TASK DESCRIPTION:
The answer must be an exact copy of the entries below, with no images in it.

EXERCISE MATERIALS:
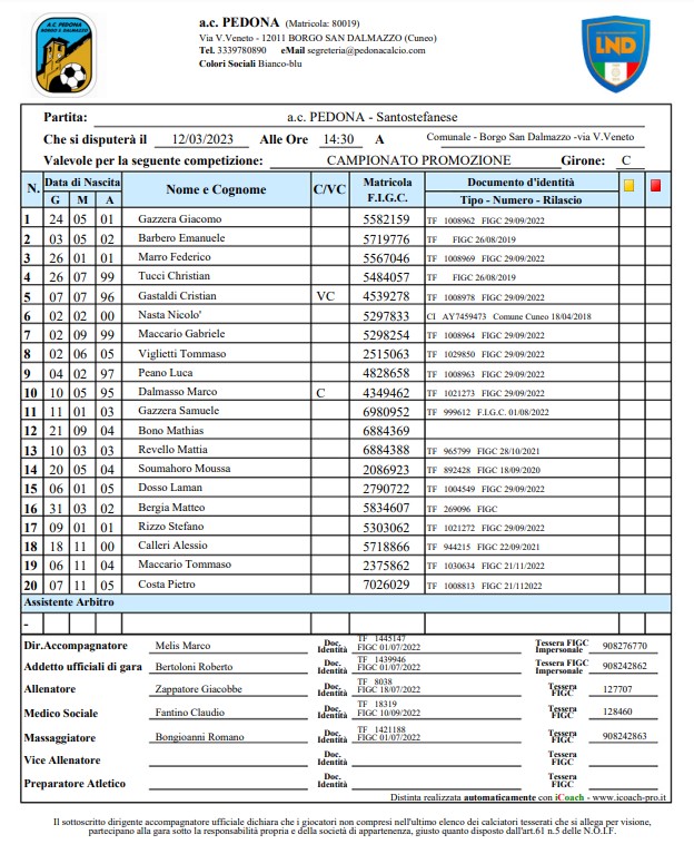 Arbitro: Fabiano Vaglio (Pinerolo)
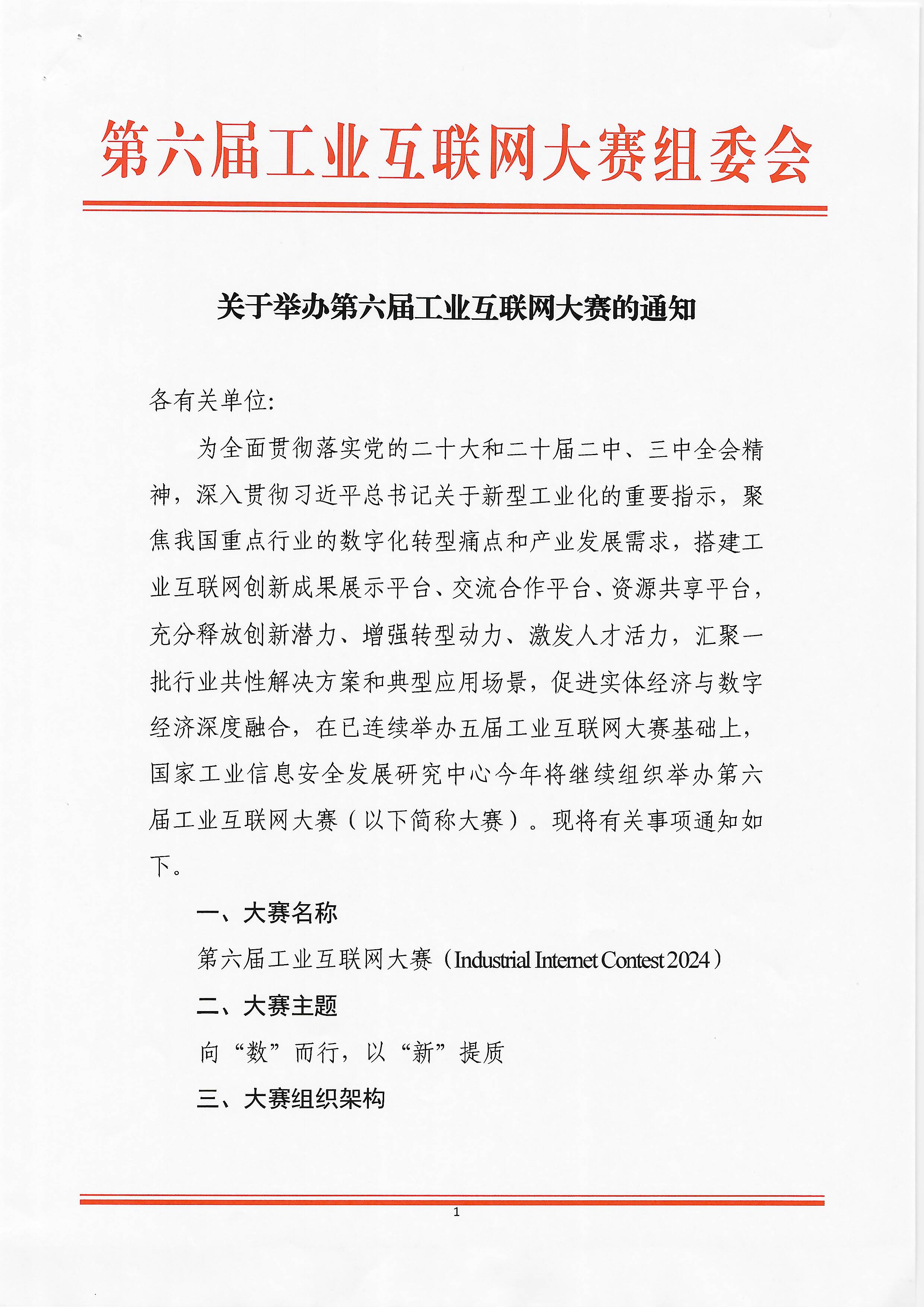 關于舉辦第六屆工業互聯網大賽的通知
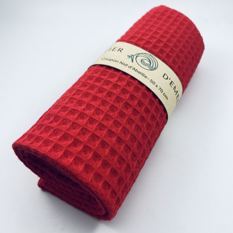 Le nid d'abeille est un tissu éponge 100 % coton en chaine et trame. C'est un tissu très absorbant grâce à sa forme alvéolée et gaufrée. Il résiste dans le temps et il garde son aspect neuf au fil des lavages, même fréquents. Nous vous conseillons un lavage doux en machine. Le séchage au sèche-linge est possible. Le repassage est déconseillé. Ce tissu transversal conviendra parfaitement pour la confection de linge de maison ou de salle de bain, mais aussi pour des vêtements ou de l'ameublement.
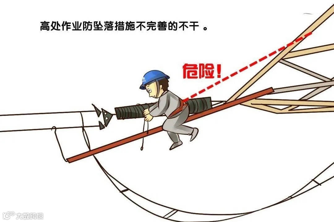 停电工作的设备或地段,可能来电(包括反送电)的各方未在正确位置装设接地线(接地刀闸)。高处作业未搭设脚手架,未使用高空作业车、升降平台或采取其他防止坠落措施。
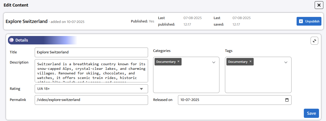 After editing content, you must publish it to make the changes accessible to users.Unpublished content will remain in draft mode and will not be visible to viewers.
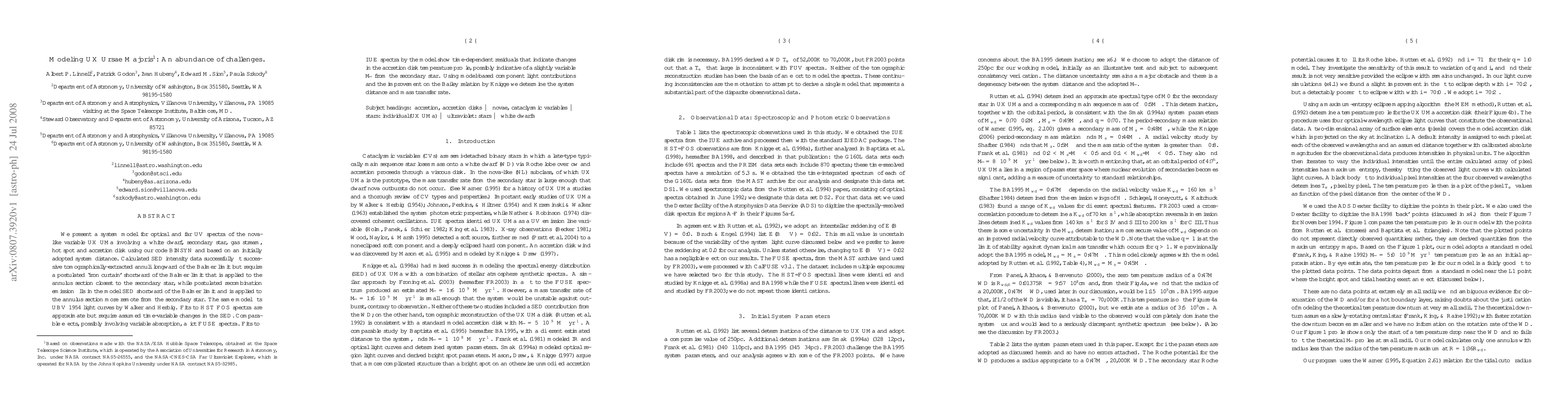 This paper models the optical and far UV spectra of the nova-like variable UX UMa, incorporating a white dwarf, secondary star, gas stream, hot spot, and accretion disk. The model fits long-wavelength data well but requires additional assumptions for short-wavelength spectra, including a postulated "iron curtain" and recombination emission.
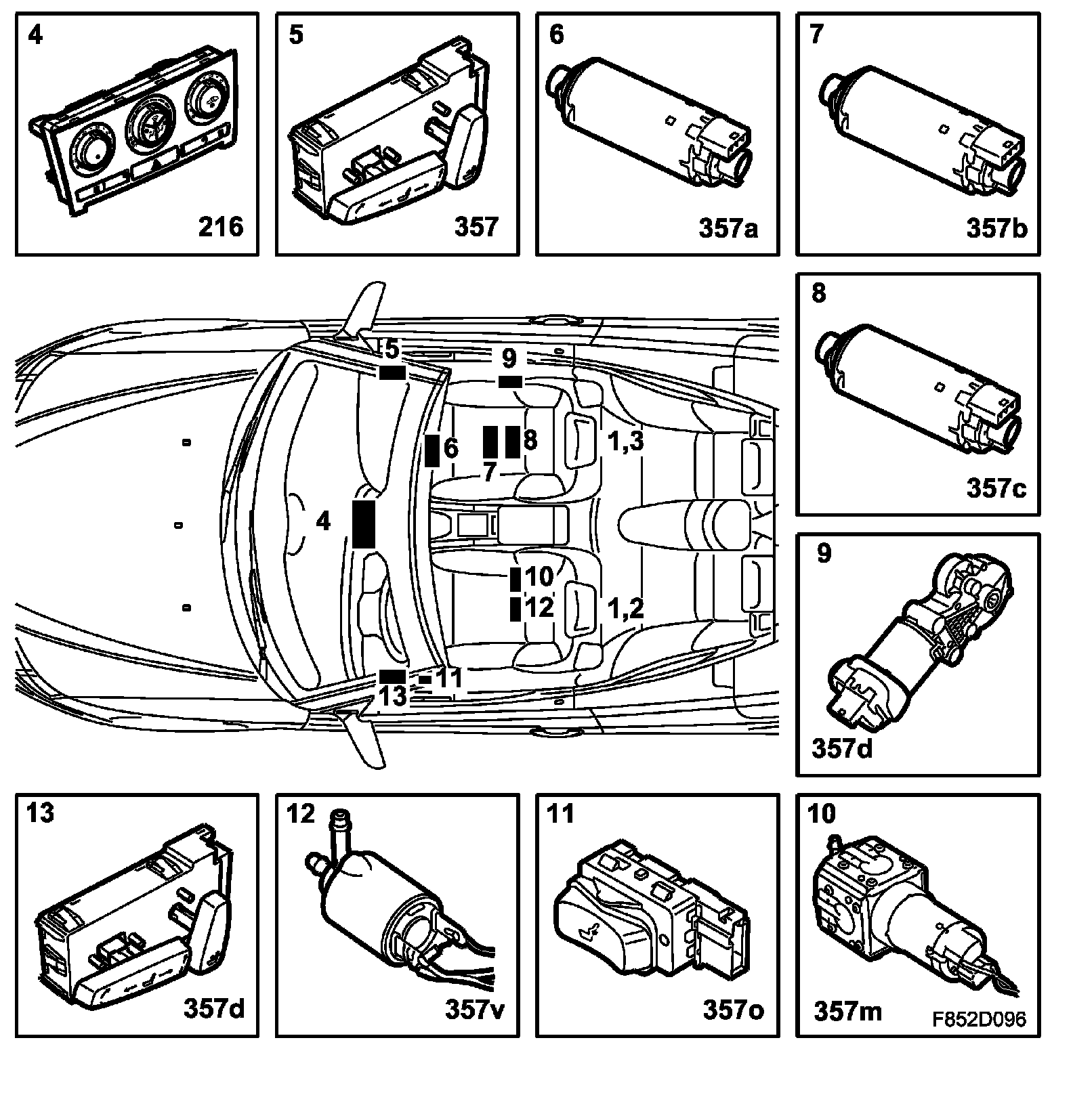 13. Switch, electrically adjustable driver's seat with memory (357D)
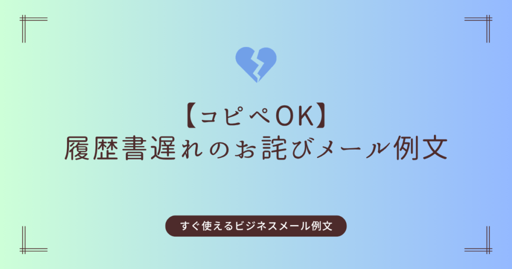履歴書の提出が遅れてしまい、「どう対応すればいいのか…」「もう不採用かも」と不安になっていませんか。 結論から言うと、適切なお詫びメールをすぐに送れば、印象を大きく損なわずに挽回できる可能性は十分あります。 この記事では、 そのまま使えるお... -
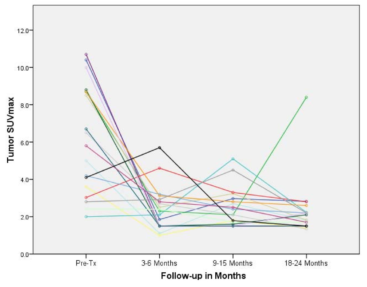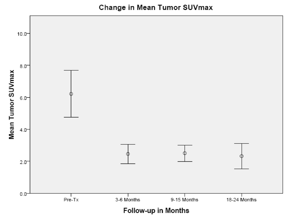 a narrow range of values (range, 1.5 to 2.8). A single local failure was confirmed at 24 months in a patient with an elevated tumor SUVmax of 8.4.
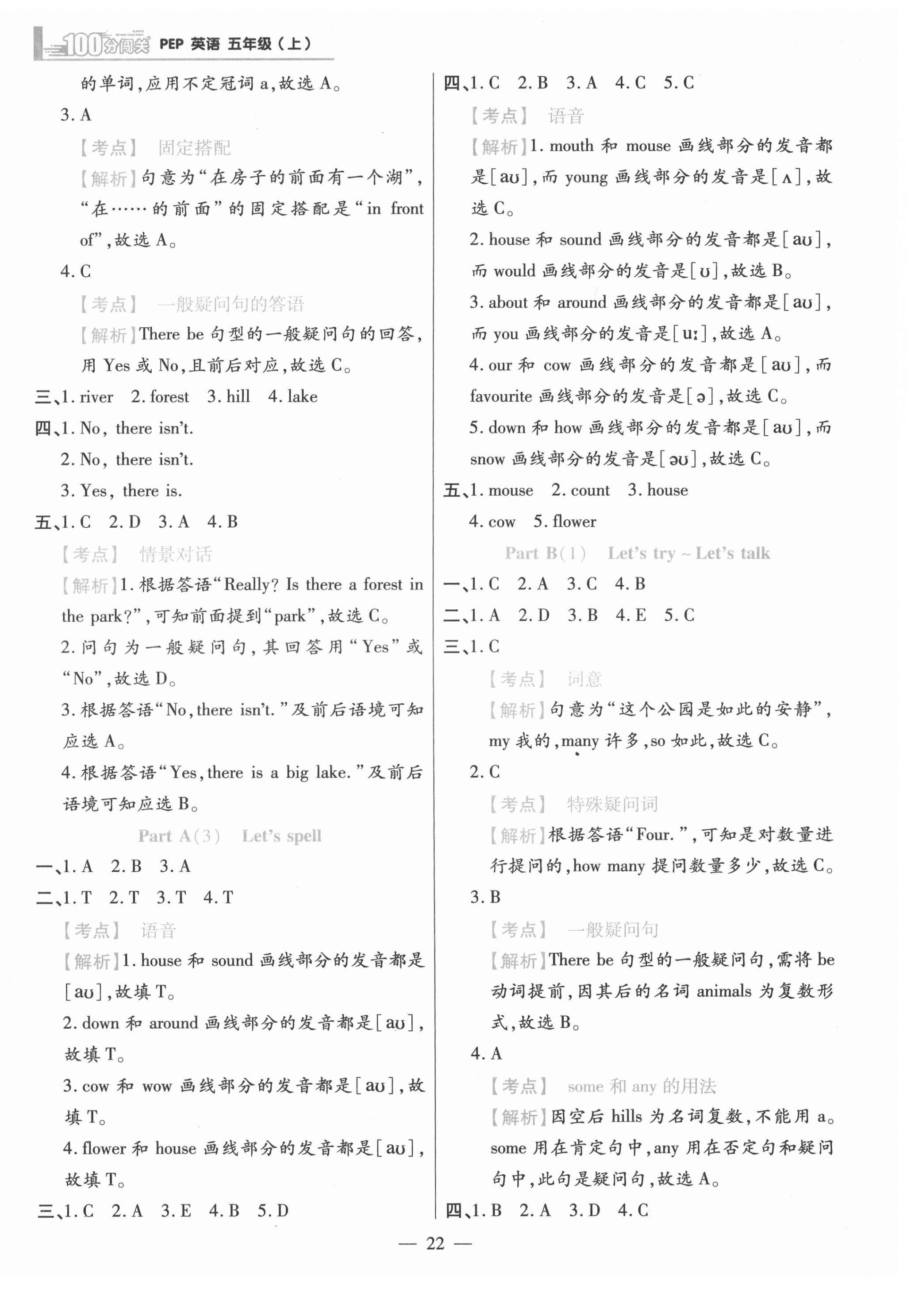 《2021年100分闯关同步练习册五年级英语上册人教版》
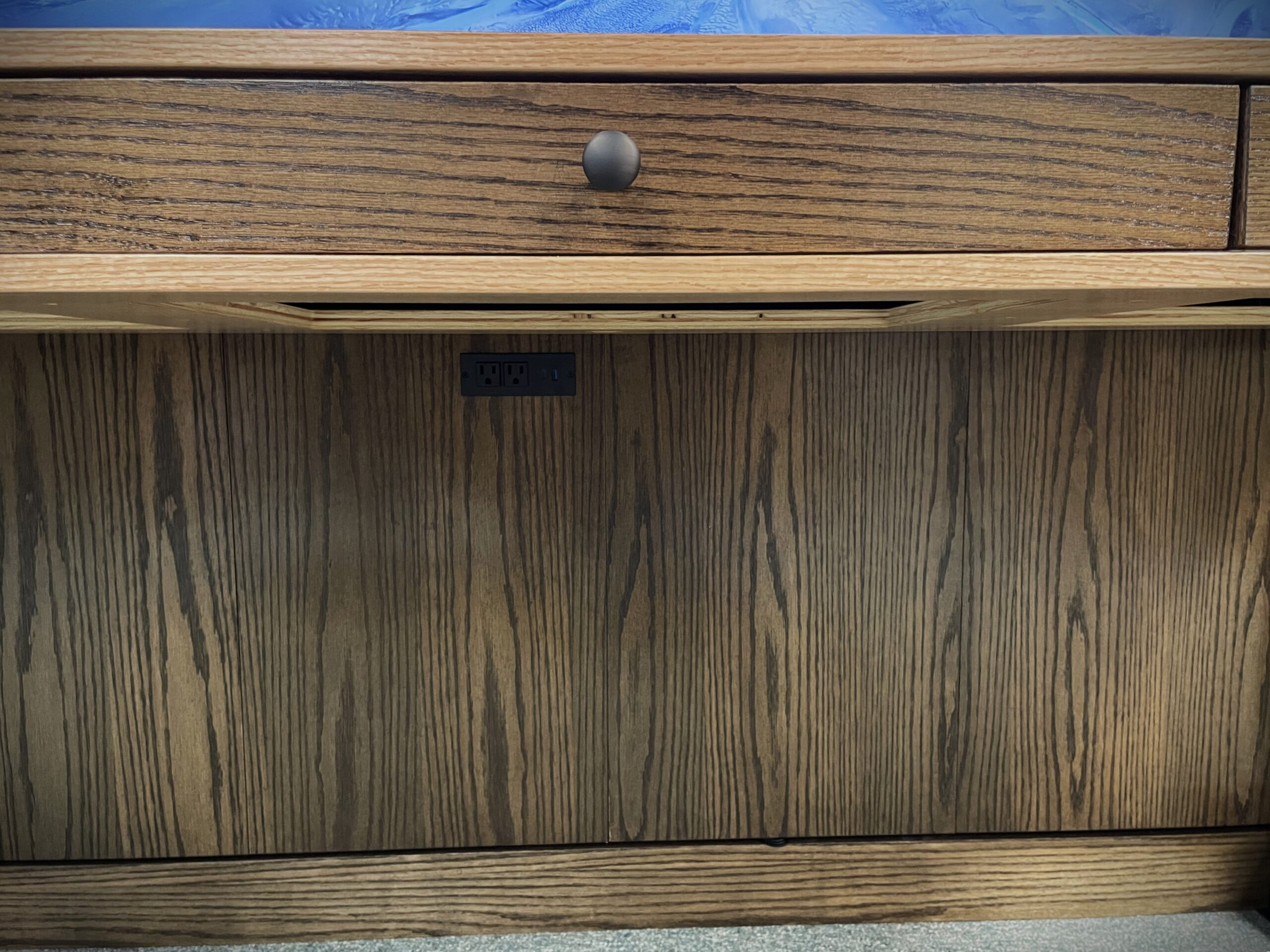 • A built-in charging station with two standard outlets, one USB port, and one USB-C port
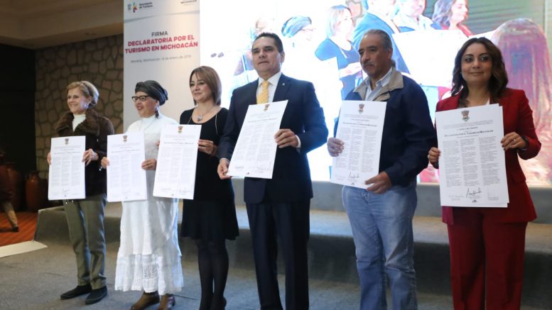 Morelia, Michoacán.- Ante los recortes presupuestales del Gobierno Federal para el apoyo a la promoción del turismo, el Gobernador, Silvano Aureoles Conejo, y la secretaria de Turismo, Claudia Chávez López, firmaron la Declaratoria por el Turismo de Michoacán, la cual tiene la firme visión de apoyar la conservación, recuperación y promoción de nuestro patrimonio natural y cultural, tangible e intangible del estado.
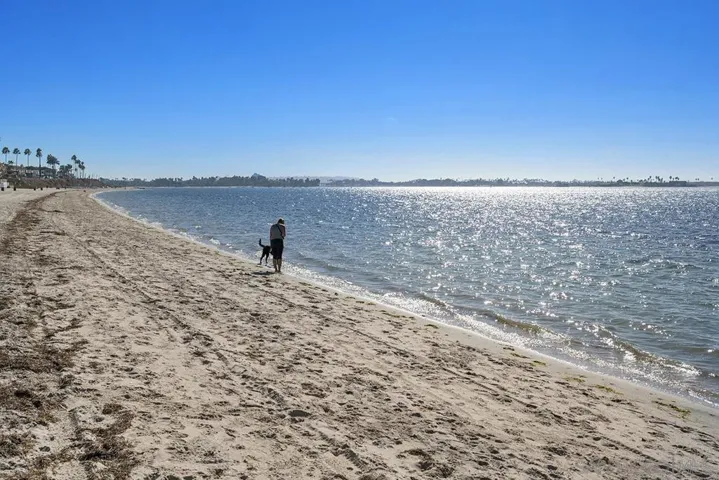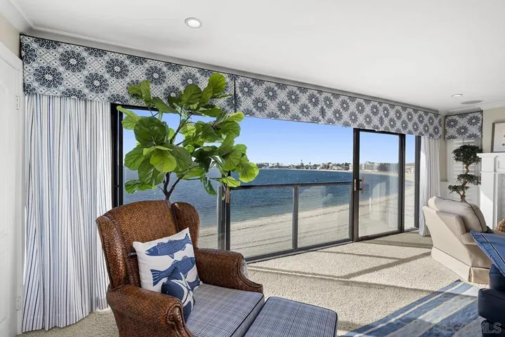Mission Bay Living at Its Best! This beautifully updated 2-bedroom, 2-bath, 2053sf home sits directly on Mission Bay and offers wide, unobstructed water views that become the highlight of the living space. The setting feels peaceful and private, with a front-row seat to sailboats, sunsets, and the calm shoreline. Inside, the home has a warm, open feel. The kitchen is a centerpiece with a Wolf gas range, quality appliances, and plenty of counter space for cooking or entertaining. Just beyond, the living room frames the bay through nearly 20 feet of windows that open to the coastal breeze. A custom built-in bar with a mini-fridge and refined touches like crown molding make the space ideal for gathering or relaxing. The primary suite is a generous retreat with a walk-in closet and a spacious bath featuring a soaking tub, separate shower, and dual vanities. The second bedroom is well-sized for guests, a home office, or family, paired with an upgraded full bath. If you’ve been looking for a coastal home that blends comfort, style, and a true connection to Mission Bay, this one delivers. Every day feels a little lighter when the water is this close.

TASK RESULT:
 Arbitro: Fabiano Vaglio (Pinerolo)
 關于舉辦第六屆工業互聯網大賽的通知
 Le nid d'abeille est un tissu éponge 100 % coton en chaine et trame. C'est un tissu très absorbant grâce à sa forme alvéolée et gaufrée. Il résiste dans le temps et il garde son aspect neuf au fil des lavages, même fréquents. Nous vous conseillons un lavage doux en machine. Le séchage au sèche-linge est possible. Le repassage est déconseillé. Ce tissu transversal conviendra parfaitement pour la confection de linge de maison ou de salle de bain, mais aussi pour des vêtements ou de l'ameublement.
 停电工作的设备或地段,可能来电(包括反送电)的各方未在正确位置装设接地线(接地刀闸)。高处作业未搭设脚手架,未使用高空作业车、升降平台或采取其他防止坠落措施。
 After editing content, you must publish it to make the changes accessible to users.Unpublished content will remain in draft mode and will not be visible to viewers.
 This paper models the optical and far UV spectra of the nova-like variable UX UMa, incorporating a white dwarf, secondary star, gas stream, hot spot, and accretion disk. The model fits long-wavelength data well but requires additional assumptions for short-wavelength spectra, including a postulated "iron curtain" and recombination emission.
 13. Switch, electrically adjustable driver's seat with memory (357D)
履歴書の提出が遅れてしまい、「どう対応すればいいのか…」「もう不採用かも」と不安になっていませんか。 結論から言うと、適切なお詫びメールをすぐに送れば、印象を大きく損なわずに挽回できる可能性は十分あります。 この記事では、 そのまま使えるお... -
 a narrow range of values (range, 1.5 to 2.8). A single local failure was confirmed at 24 months in a patient with an elevated tumor SUVmax of 8.4.
 《2021年100分闯关同步练习册五年级英语上册人教版》
 • A built-in charging station with two standard outlets, one USB port, and one USB-C port
 Morelia, Michoacán.- Ante los recortes presupuestales del Gobierno Federal para el apoyo a la promoción del turismo, el Gobernador, Silvano Aureoles Conejo, y la secretaria de Turismo, Claudia Chávez López, firmaron la Declaratoria por el Turismo de Michoacán, la cual tiene la firme visión de apoyar la conservación, recuperación y promoción de nuestro patrimonio natural y cultural, tangible e intangible del estado.
Mission Bay Living at Its Best! This beautifully updated 2-bedroom, 2-bath, 2053sf home sits directly on Mission Bay and offers wide, unobstructed water views that become the highlight of the living space. The setting feels peaceful and private, with a front-row seat to sailboats, sunsets, and the calm shoreline. Inside, the home has a warm, open feel. The kitchen is a centerpiece with a Wolf gas range, quality appliances, and plenty of counter space for cooking or entertaining. Just beyond, the living room frames the bay through nearly 20 feet of windows that open to the coastal breeze. A custom built-in bar with a mini-fridge and refined touches like crown molding make the space ideal for gathering or relaxing. The primary suite is a generous retreat with a walk-in closet and a spacious bath featuring a soaking tub, separate shower, and dual vanities. The second bedroom is well-sized for guests, a home office, or family, paired with an upgraded full bath. If you’ve been looking for a coastal home that blends comfort, style, and a true connection to Mission Bay, this one delivers. Every day feels a little lighter when the water is this close.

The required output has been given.